La mañana estaba radiante, el cielo muy azul y los campos muy verdes.
Durante la marcha fueron hablando los cuatro. El francés, Nación, era un hombre fuerte, membrudo, sombrío, de tipo brutal. Era del Norte, vestía un traje azul, de tela basta. Tenía los brazos tatuados y un anillo en la oreja; fumaba en una pipa corta y negra, en la que hundía el dedo pulgar. Nación consideraba España y el Mediodía de Francia como países salvajes.
Aviraneta le hizo algunas preguntas que no quiso contestar. Habló únicamente de los sitios de Europa que había recorrido, que al parecer eran muchos, y se dejó decir que había estado en los pontones. Aviraneta supuso que era algún forzado escapado de presidio.

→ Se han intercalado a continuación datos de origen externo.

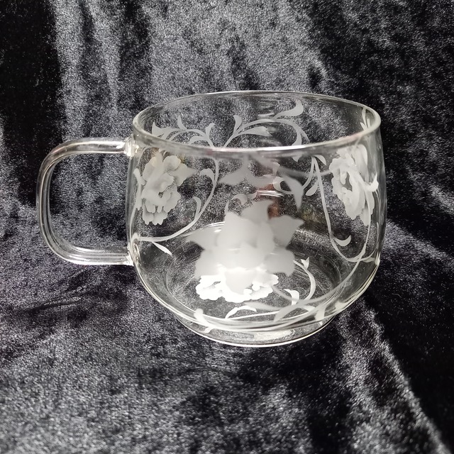 透明な耐熱カップに優雅な唐花唐草紋様を彫りました。 耐熱ガラスですので、熱いお茶などにもお使い戴けます。(ガラスが薄手なので熱湯にはご注意下さい。) 飲み口8.4直径㎝✕高さ7.7㎝。 ※食洗機・電子レンジ不可

El Arranchale, por el contrario de Nación, no conocía más que su país, y no sabía hablar más que vascuence. El Arranchale no entendía de política ni sabía lo que querían los liberales ni los realistas; para él, unos y otros peleaban por fantasía. El Arranchale, unos años antes, había dejado de ser marinero y se había hecho labrador; pero su mala suerte le indujo a tomar en arriendo un caserío de Oyarzun, en donde los blancos y los negros siempre tenían que parar a reñir y a llevarse después lo que hubiera.
Entonces el Arranchale había dejado su mujer y dos hijos en casa de la suegra, y andaba de un lado a otro trabajando en Francia o España, siempre en el país vasco, a pocas leguas de su casa.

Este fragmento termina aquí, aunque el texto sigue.